--- TASK BRIEF ---
An exact copy of all the data, minus the images, is required.

--- DATASET EXCERPT ---
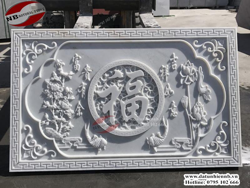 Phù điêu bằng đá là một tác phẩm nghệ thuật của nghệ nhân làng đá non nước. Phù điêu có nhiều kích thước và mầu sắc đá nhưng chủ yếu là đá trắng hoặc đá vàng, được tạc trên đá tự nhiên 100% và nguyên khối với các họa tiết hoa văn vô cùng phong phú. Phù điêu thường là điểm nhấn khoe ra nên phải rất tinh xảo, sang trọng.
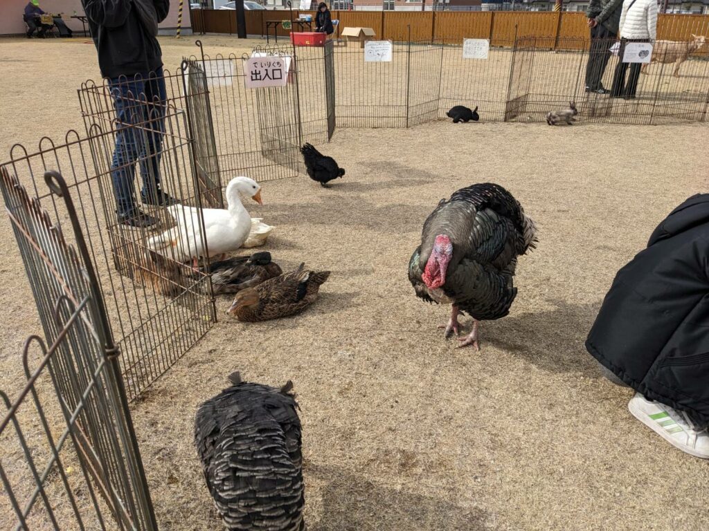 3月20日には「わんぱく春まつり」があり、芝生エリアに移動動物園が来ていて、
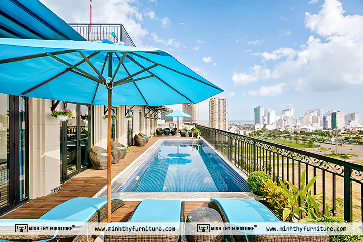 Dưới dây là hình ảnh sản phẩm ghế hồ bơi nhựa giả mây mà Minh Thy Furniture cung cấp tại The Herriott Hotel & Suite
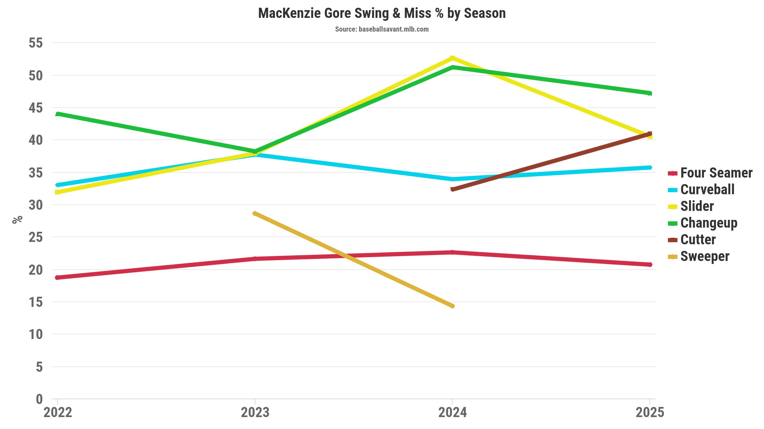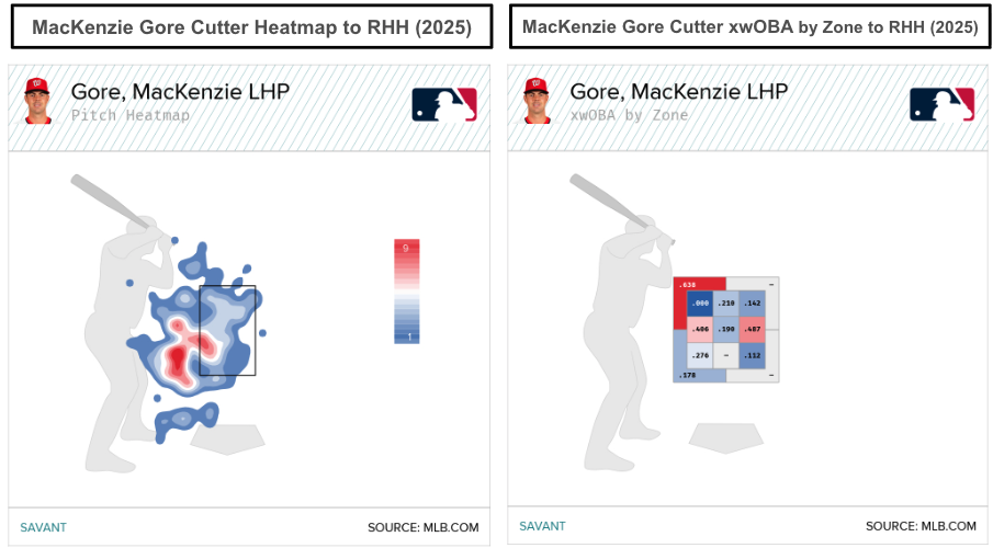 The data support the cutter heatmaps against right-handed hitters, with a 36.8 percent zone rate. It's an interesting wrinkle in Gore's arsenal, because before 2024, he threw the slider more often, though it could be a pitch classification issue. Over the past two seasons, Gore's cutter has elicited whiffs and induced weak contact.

--- SOLUTION ---
 Phù điêu bằng đá là một tác phẩm nghệ thuật của nghệ nhân làng đá non nước. Phù điêu có nhiều kích thước và mầu sắc đá nhưng chủ yếu là đá trắng hoặc đá vàng, được tạc trên đá tự nhiên 100% và nguyên khối với các họa tiết hoa văn vô cùng phong phú. Phù điêu thường là điểm nhấn khoe ra nên phải rất tinh xảo, sang trọng.
 3月20日には「わんぱく春まつり」があり、芝生エリアに移動動物園が来ていて、
 Dưới dây là hình ảnh sản phẩm ghế hồ bơi nhựa giả mây mà Minh Thy Furniture cung cấp tại The Herriott Hotel & Suite
 The data support the cutter heatmaps against right-handed hitters, with a 36.8 percent zone rate. It's an interesting wrinkle in Gore's arsenal, because before 2024, he threw the slider more often, though it could be a pitch classification issue. Over the past two seasons, Gore's cutter has elicited whiffs and induced weak contact.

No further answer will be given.